LADY LESHURR - Friggin L

Self-released :: 2011 :: download mixtape

It is not the first time, though, that Lady Leshurr is identified as a rising star, or that she is noticed in America. It happened already, by 2011, with her third – or maybe her fourth, depending on how we count them – mixtape: Friggin L. This was such a defining release for her, that she would name that way her own clothing brand. The reason why this was noticed, was her own take on Chris Brown's "Look at Me Now". Her video was a parody of the original one, and it buzzed significantly on the Internet, catching the ears of people like Lil Wayne and Trey Songz. And Lady Leshurr's notoriety developed even further a bit later, with the success of her single "Blazin’", a collaboration with the production duo Torqux. By then, she had been offered attracting deals by major labels. But she declined their proposals, apparently unhappy with being positioned as a rival to Nicki Minaj.
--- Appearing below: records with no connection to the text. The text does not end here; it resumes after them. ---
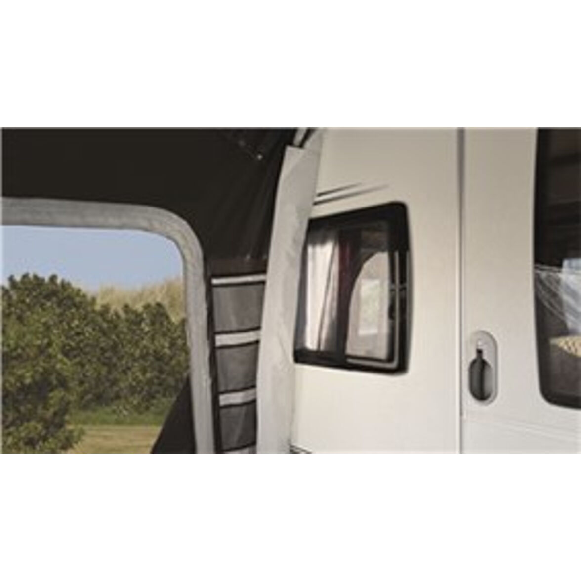 - Tätning mot husvagnen utan stänger som även fungerar mot fönster (kuddar mot fönster med högre kant finns som extra tillbehör)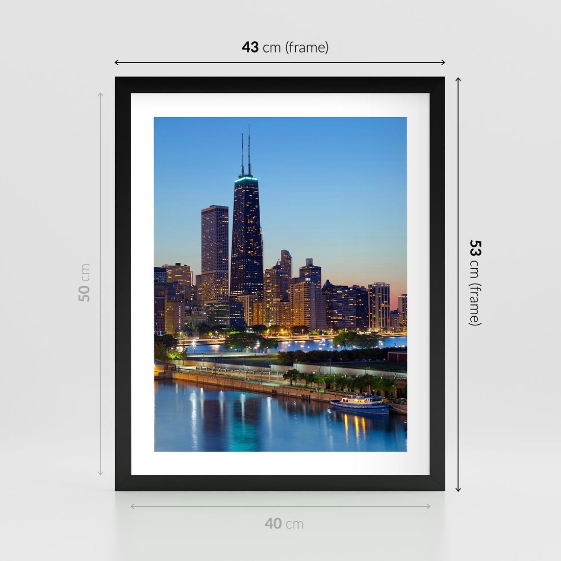 Plakat w ramie 40x50 - Miasto nad Rzeką - miasto, rzeka - rama czarna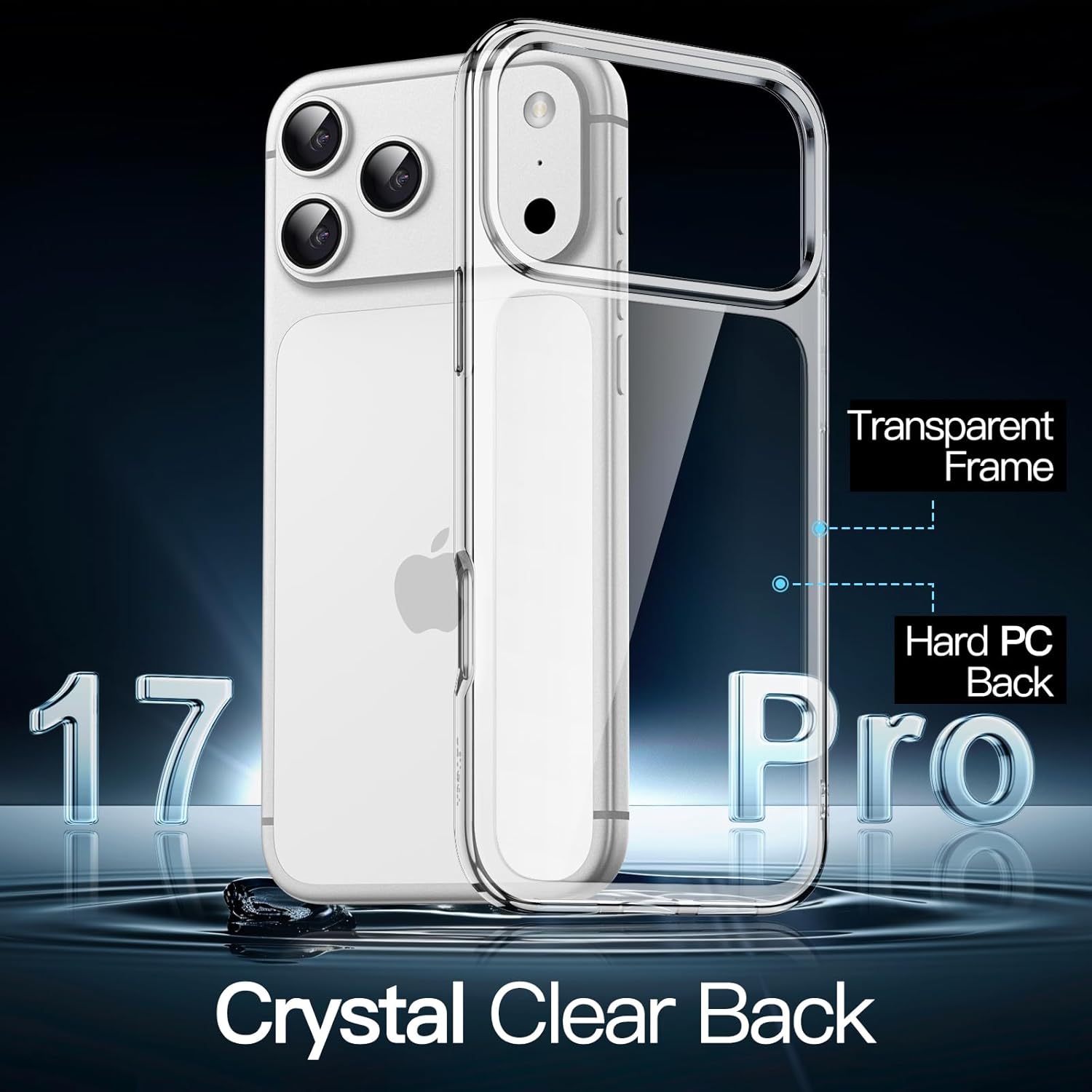JETech калъф за iPhone 17 Pro 6.3 инча, удароустойчив калъф за мобилен телефон, който не пожълтява, прозрачен гръб, устойчив на надраскване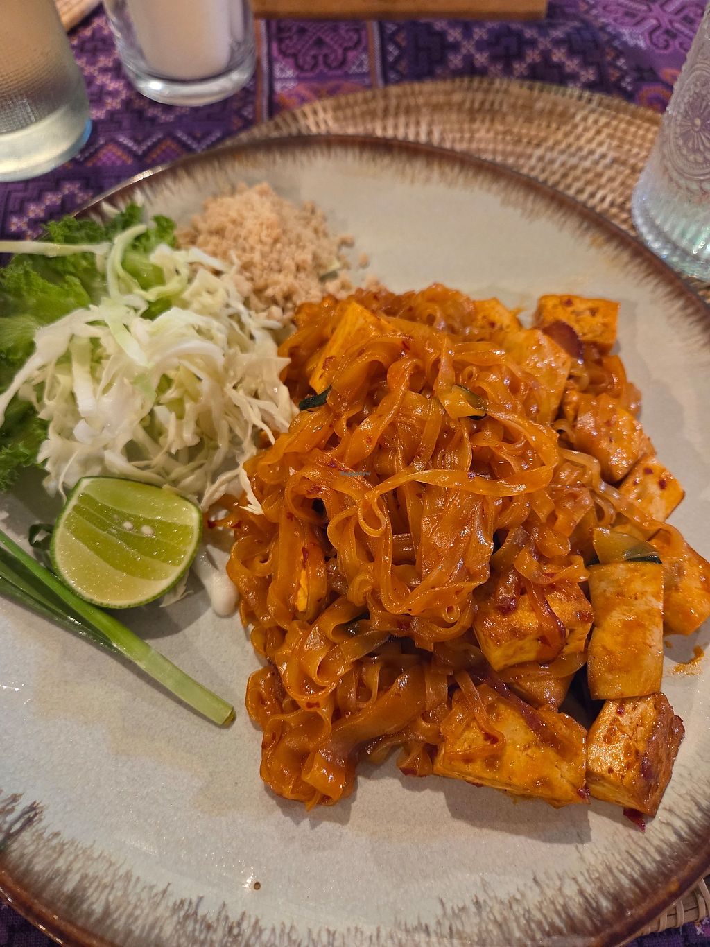 Beautiful sanctuary of the main street we enjoyed the green curr, mild pad Thai and the couscous ball salad with a beer and two soda drinks, raspberry and lime !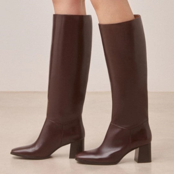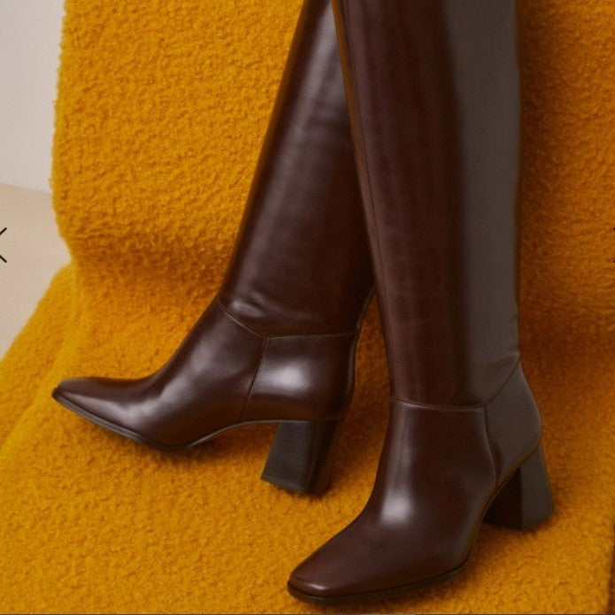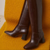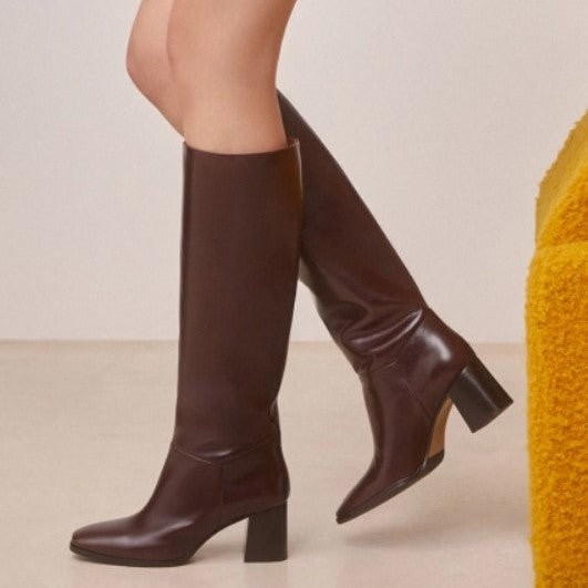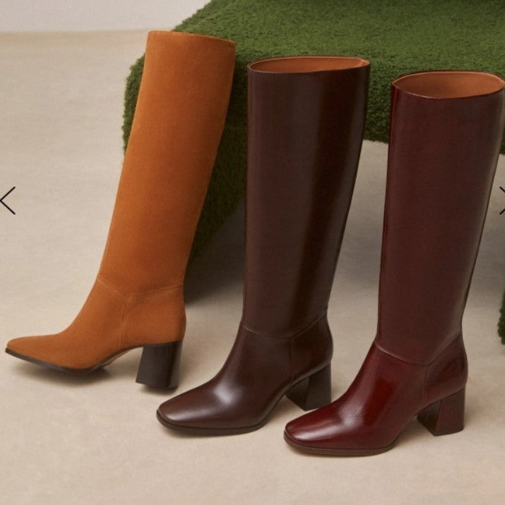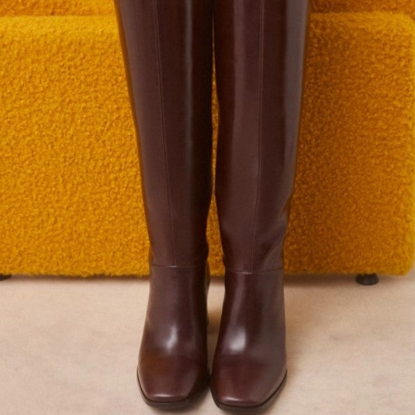 La botte 109 puise son inspiration dans les seventies. Avec son bout carré arrondi et son talon biseauté de 6 cm, elle allie style rétro et confort moderne.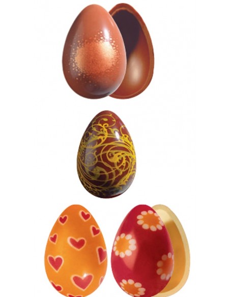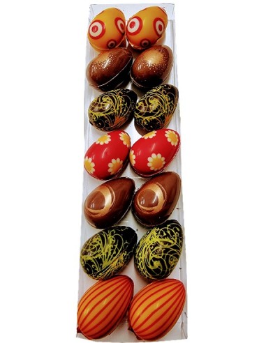 Ingrédients : fèves de cacao, beurre de cacao, sucre, LAIT entier en poudre, AMANDES, NOISETTES, lécithine de SOJA et de tournesol, arômes naturels de vanille, extrait naturel de vanille. Décors : beurre de cacao, sucre, colorants : phosphate de sodium, oxyde de fer, betanine, cacao maigre en poudre, concentré de carthame, et citron, concentré de radis, cassis, pomme.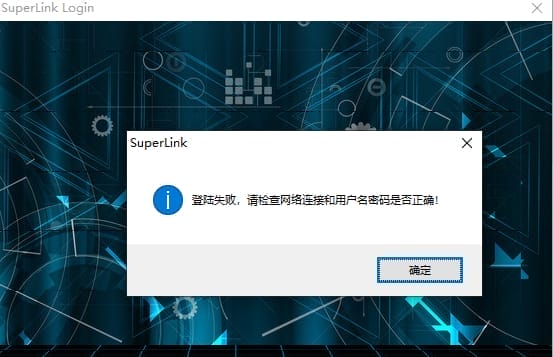 Superlink工具登录失败,一直提示请检查网络连接或账号密码信息,出现这个情况时,请分别确认如下问题: 1.首先确认电脑端可以正常访问互联网; 2.严格确认账号或密码信息是否完全正确(具体账号信息请查看远程网关背面标签),包括大小写信息及是否有空格出现。

This background story is telling us something about Lady Leshurr: her music has a strong US focus, even if she is associated to the grime scene. After having been an actress in a movie about gangs, 1 Day, by 2009, and relocated to London, she'd been acknowledged by grime rappers as one of them. And her style, made for a large part of freestyles delivered in double time on IDM-sounding music – she even collaborated with electronic music veterans like Orbital – was quite close to theirs. However, the citizen of Birmingham whom Melesha O'Garro was, has been primarily influenced by the likes of Eminem, Missy Elliott and Busta Rhymes, in their most extravagant times. And her music is full of such American influences.

This is obvious on Friggin L. This traditional kind of mixtape – it compiled freestyles delivered on existing materials – did not only appropriate Chris Brown's music. As early as with the first track, with her impressively quick flow, she rode Rick Ross' monstrous "B.M.F". She did the same with Lil Wayne and Cory Gunz's "6 Foot 7 Foot". And then, with "Pizzin' on 'Em", putting aside her typical style of rap, she imitated Nicki Minaj's in a convincing way on her own "Did It on 'Em". It was only at the end, with "Touch a Follow Button", that Leshurr recalled where she was from. When, as an Englishwoman of Caribbean descent, she turned into dancehall; or when she was 100% grime again with Tinchy Stryder's "Game Over".

It was actually the second time that Lady Leshurr played with that track. She had done it one year earlier, along with seven other UK female rappers, on a powerful feminist anthem. But with Friggin L, it was her own manifesto that she delivered.